Desk editor's note, referee report, simulated authors' rebuttal, and a circularity audit. Tearing a paper down is the easy half of reading it; the pith above is the substance, this is the friction.

Referee Report

2 major / 1 minor

Summary. The paper proposes DecSelfMask, a decoder-only self-learning method that applies relevance attribution to unlabeled clinical notes to identify task-relevant text spans, masks those spans, and trains the model via next-token prediction to reconstruct them. It evaluates the approach on 136 classification tasks derived from 1.9M Italian hospital notes across five models of varying scales, reporting consistent Macro F1 gains of +19.9 over standard supervised fine-tuning, +12.5 over synthetic label generation, and +6.3 over continual pretraining.

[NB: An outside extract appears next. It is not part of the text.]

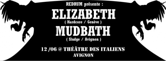 Les Suisses Elizabeth (Hardcore brutal) seront en concert le 12 juin à 20h au Théâtre des Italiens (salle intra muros), dans le cadre de la tournée promo de leur EP Insomnia. Pour l’occasion, le groupe sera accompagné des excellents Mudbath (Sludge boueux), qui reviennent jouer chez eux pour la première fois depuis un an et demi.
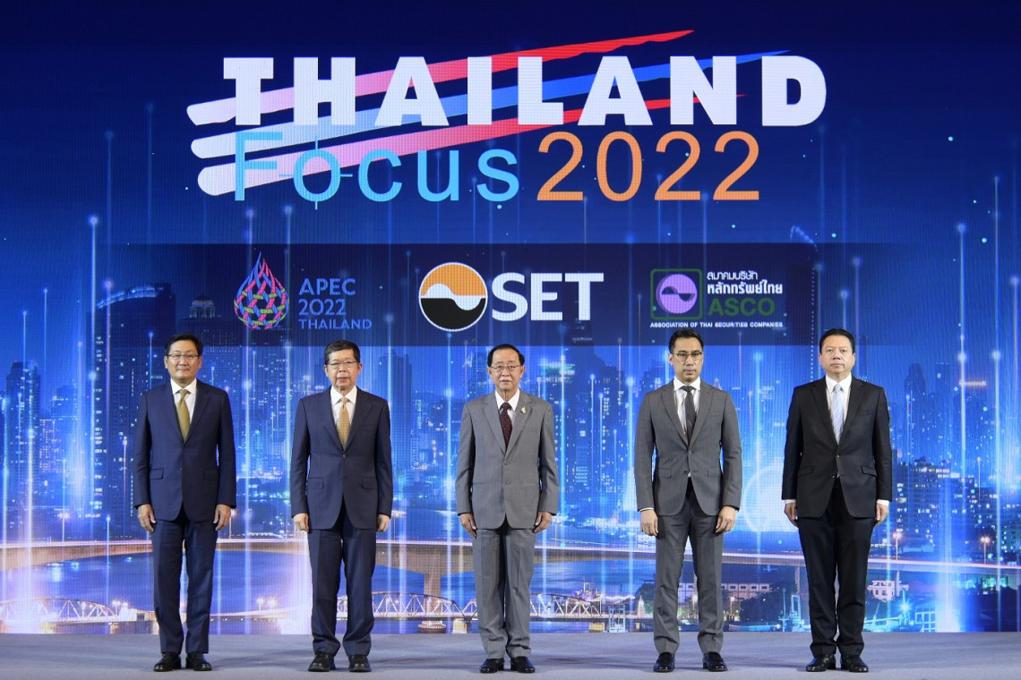 ตลาดหลักทรัพย์ฯ จัดงาน “Thailand Focus 2022 : THE NEW HOPE” ตอกย้ำศักยภาพและชี้แนวทางขับเคลื่อนของตลาดทุนและเศรษฐกิจไทยให้เดินหน้าต่อภายใต้บริบทใหม่ โดยมี รมว.คลัง พร้อมด้วยผู้บริหารระดับสูงแวดวงเศรษฐกิจ ร่วมสร้างความเชื่อมั่นถึงความพร้อมของไทย ตั้งแต่ระดับยุทธศาสตร์ประเทศ สู่การขับเคลื่อนอย่างบูรณาการโดยภาคตลาดเงินตลาดทุน และการปรับกลยุทธ์ของธุรกิจและเปลี่ยนสู่อุตสาหกรรมอนาคตที่ยั่งยืน พร้อมด้วยผู้บริหารระดับสูงของบริษัทจดทะเบียน (บจ.) 124 บริษัท ร่วมให้ข้อมูลกับผู้ลงทุนสถาบัน 161 ราย จาก 76 สถาบันทั่วโลก สะท้อนการที่ผู้ลงทุนเห็นโอกาสและยังเชื่อมั่นต่อเศรษฐกิจและการลงทุนในประเทศไทย

Significance. If the gains are shown to stem specifically from the relevance-guided masking rather than uncontrolled differences in data volume, token count, or training schedule, the method could provide a scalable way to improve low-resource classification in domains with abundant unlabeled text but scarce annotations, such as clinical NLP.

major comments (2)
  1. [Abstract] Abstract: the central claim of a +6.3 Macro F1 improvement over continual pretraining is load-bearing for the paper's contribution, yet the description does not specify whether the continual-pretraining baseline uses the identical 1.9M notes, the same total token count, the same masking ratio, or the same learning-rate schedule; without such controls the incremental value of relevance attribution cannot be isolated.
  2. [Abstract] Abstract (hypothesis paragraph): the claim that relevance-guided masking examples 'convey knowledge about the structure and semantics of unannotated data' is not directly tested against a random-masking or standard causal-LM baseline on the same unlabeled corpus; this leaves open whether any form of additional next-token training on the notes would produce comparable downstream gains.
minor comments (1)
  1. [Abstract] The abstract mentions 'a probing analysis' but provides no details on what is probed or how it supports the main results; this should be expanded in the methods or results section for clarity.

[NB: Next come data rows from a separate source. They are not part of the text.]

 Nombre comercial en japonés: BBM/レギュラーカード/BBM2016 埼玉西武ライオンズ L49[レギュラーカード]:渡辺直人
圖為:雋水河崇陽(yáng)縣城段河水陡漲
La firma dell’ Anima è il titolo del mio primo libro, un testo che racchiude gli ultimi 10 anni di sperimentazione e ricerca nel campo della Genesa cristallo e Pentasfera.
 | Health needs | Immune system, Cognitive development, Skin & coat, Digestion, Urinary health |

Simulated Author's Rebuttal

2 responses · 0 unresolved

We thank the referee for the constructive feedback highlighting the need for clearer experimental controls and hypothesis testing. We address each major comment below.

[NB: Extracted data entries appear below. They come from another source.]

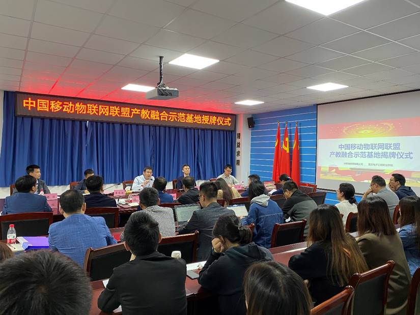 5月25日,公司协同中移物联网联盟共建的“中国移动物联网联盟产教融合示范基地”授牌仪式在重庆电子工程职业公司物联网公司举行。出席本次仪式的有中移物联网有限公司市场运营部总经理、中国移动物联网联盟副秘书长罗健、中移物联网有限公司市场运营部副总经理孙烨、中国移动物联网联盟李兴、胡强、黄俊淋,公司党总支书记张红斌、经理陈良、国际交流与合作发展处副处长刘影、党总支副书记毛弋、公司副经理夏西泉、物联网应用系教师代表。
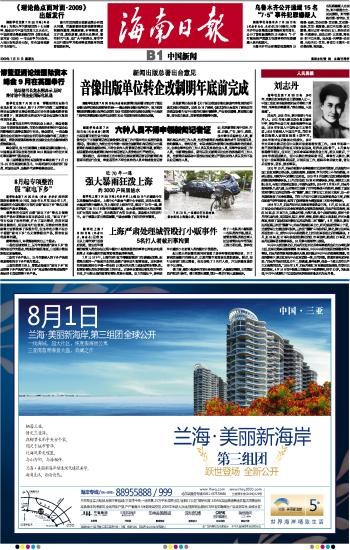 海南日报报业集团旗下媒体: 海南日报 | 南国都市报 | 南海网 | 南岛晚报 | 证券导报 加入收藏 | 设为首页
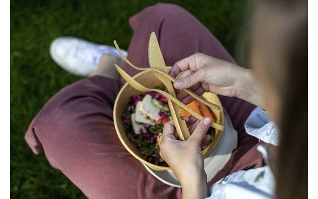 Knife, fork, spoon – done. Finally there is a reasonable to-go cutlery without frills and in a passable size. No more balancing food to your mouth! All parts can be put together and taken apart again without much guesswork. To detach, simply lift the knife at the tip and pull it out downward. All cutlery pieces fit comfortably in the hand and really fit in any pocket with their lightweight.
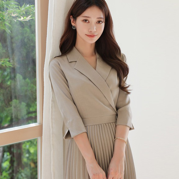 가슴 라인부터 플리츠 스커트까지 이어지는 라인이
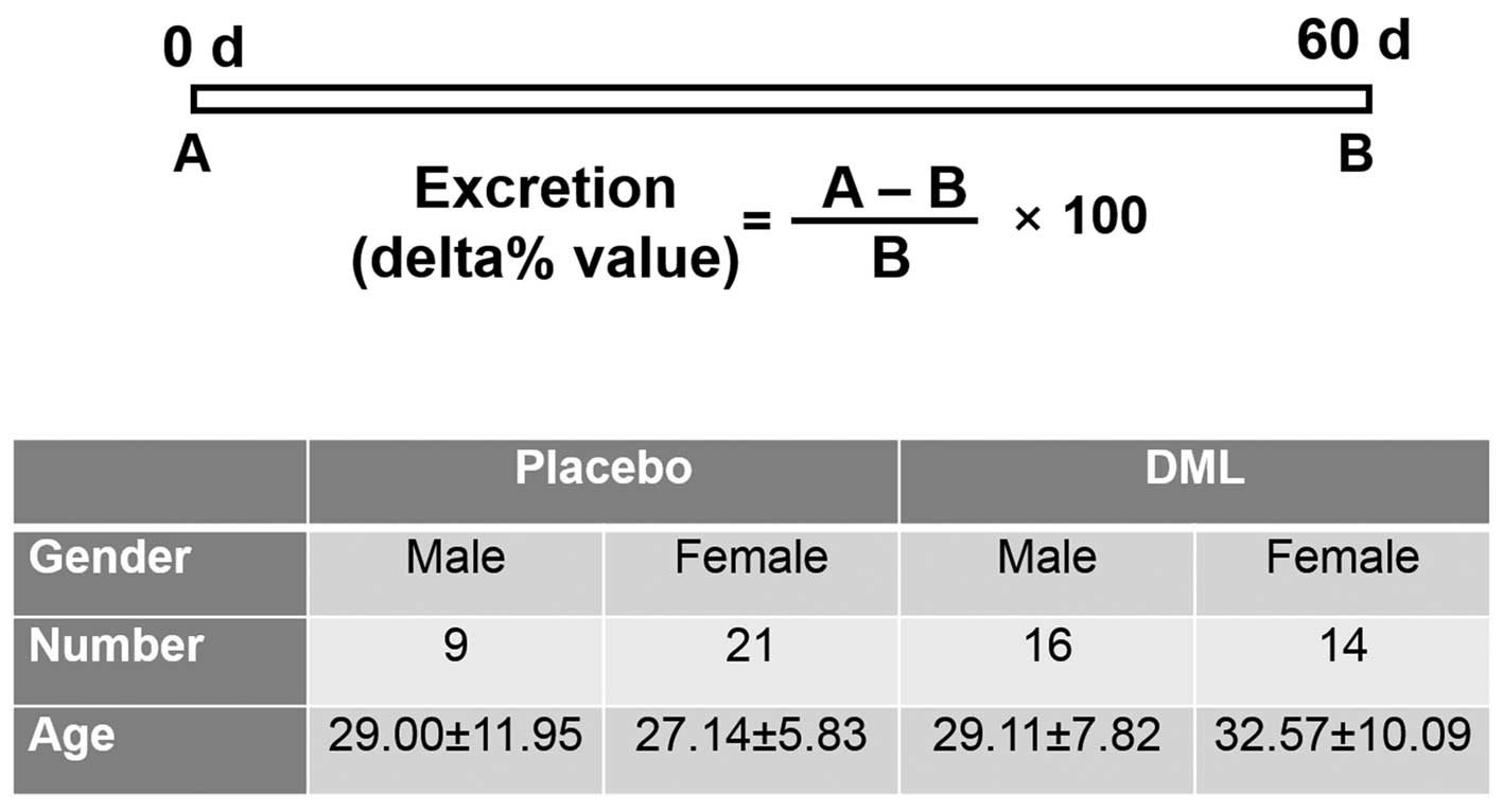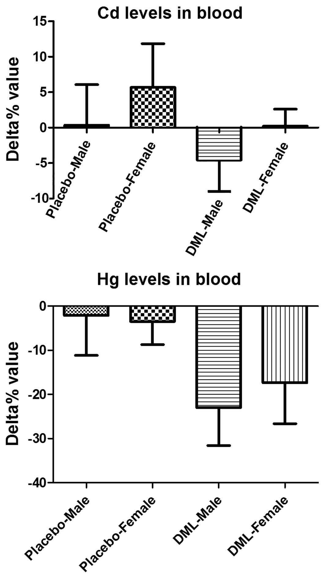 Several lines of evidence demonstrate that DML and its components reduce reactive oxygen species generation and have antioxidant effects (13,14). In addition, our previous study demonstrated that DML facilitates Cd excretion and exerts antioxidant effects against Cd-induced oxidative damage (11). The present study attempted to use DML to facilitate Cd and Hg excretion in humans and to increase the antioxidant capacity in the serum, as Cd and Hg have been shown to inhibit antioxidant enzymes (15–17).

read point-by-point responses
  1. Referee: [Abstract] Abstract: the central claim of a +6.3 Macro F1 improvement over continual pretraining is load-bearing for the paper's contribution, yet the description does not specify whether the continual-pretraining baseline uses the identical 1.9M notes, the same total token count, the same masking ratio, or the same learning-rate schedule; without such controls the incremental value of relevance attribution cannot be isolated.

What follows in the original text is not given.